Old family garrets have their stock, as I said, of castaway clothes of twenty years gone by; and it is rare sport to put them on, buttoning in a pillow or two for the sake of good fulness; and then to trick out Nelly in some strange-shaped head-gear, and ancient brocade petticoat caught up with pins, and in such guise to steal cautiously down-stairs, and creep slyly into the sitting-room,-half afraid of a scolding, and very sure of good fun,-trying to look very sober, and yet almost ready to die with the laugh that you know you will make. And your mother tries to look harshly at little Nelly for putting on her grandmother's best bonnet; but Nelly's laughing eyes forbid it utterly; and the mother spoils all her scolding with. a perfect shower of kisses.

After this you go, marching very stately, into the nursery, and utterly amaze the old nurse, and make a deal of wonderment for the staring, half-frightened baby, who drops his rattle, and makes a bob at you as if he would jump into your waistcoat-pocket.

But you grow tired of this; you tire even of the swing, and of the pranks of Charlie; and you glide away into a corner with an old, dog's-eared copy of "Robinson Crusoe," and you grow heart and soul into the story, until you tremble for the poor fellow with his guns behind the palisade, and are yourself half dead with fright when you peep cautiously over the hill with your glass and see the cannibals at their orgies around the fire.

Yet, after all, you think the old fellow must have had a capital time with a whole island to himself; and you think you would like such a time yourself, if only Nelly and Charlie could be there with you. But this thought does not come till afterward: for the time you are nothing but Crusoe; you are living in his cave with Poll the parrot, and are looking out for your goats and man Friday.

You dream what a nice thing it would be for you to slip away some pleasant morning-not to York, as young Crusoe did, but to New York-and take passage as a sailor; and how, if they knew you were going, there would be such a world of good-byes; and how, if they did not know it, there would be such a world of wonder!

And then the sailor's dress would be altogether such a jaunty affair; and it would be such rare sport to lie off upon the yards far aloft, as you have seen sailors in pictures, looking out upon the blue and tumbling sea. No thought now, in your boyish dreams, of sleety storms, and cables stiffened with ice, and crashing spars, and great icebergs towering fearfully around you!
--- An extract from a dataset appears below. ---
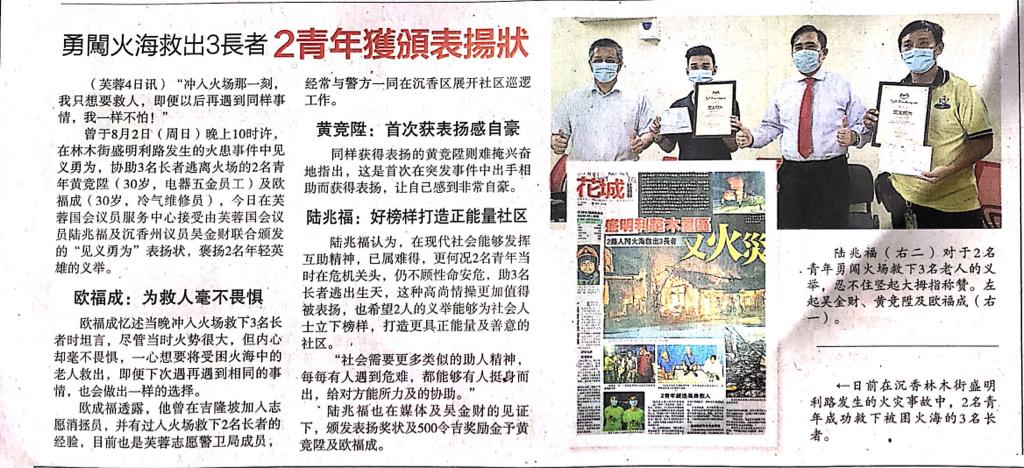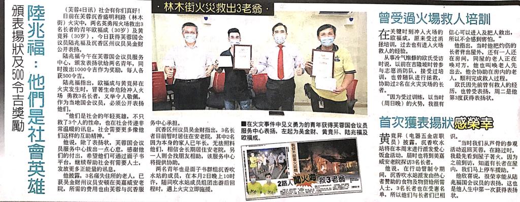 Tajuk :YB Tuan Loke Siew Fook dan YB Ng Chin Tsai telah menyampaikan sijil pujian dan sedikit sumbangan kepada dua orang muda yang berani telah menyelamatkan 3 mangsa kebakaran yang berlaku di Limbok,Seremban.

You would have better luck than even Crusoe; you would save a compass, and a Bible, and stores of hatchets, and the captain's dog, and great puncheons of sweetmeats (which Crusoe altogether overlooked); and you would save a tent or two, which you could set up on the shore, and an American flag, and a small piece of cannon, which you could fire as often as you liked. At night you would sleep in a tree,-though you wonder how Crusoe did it, and would say the prayers you had been taught to say at home, and fall to sleep, dreaming of Nelly and Charlie.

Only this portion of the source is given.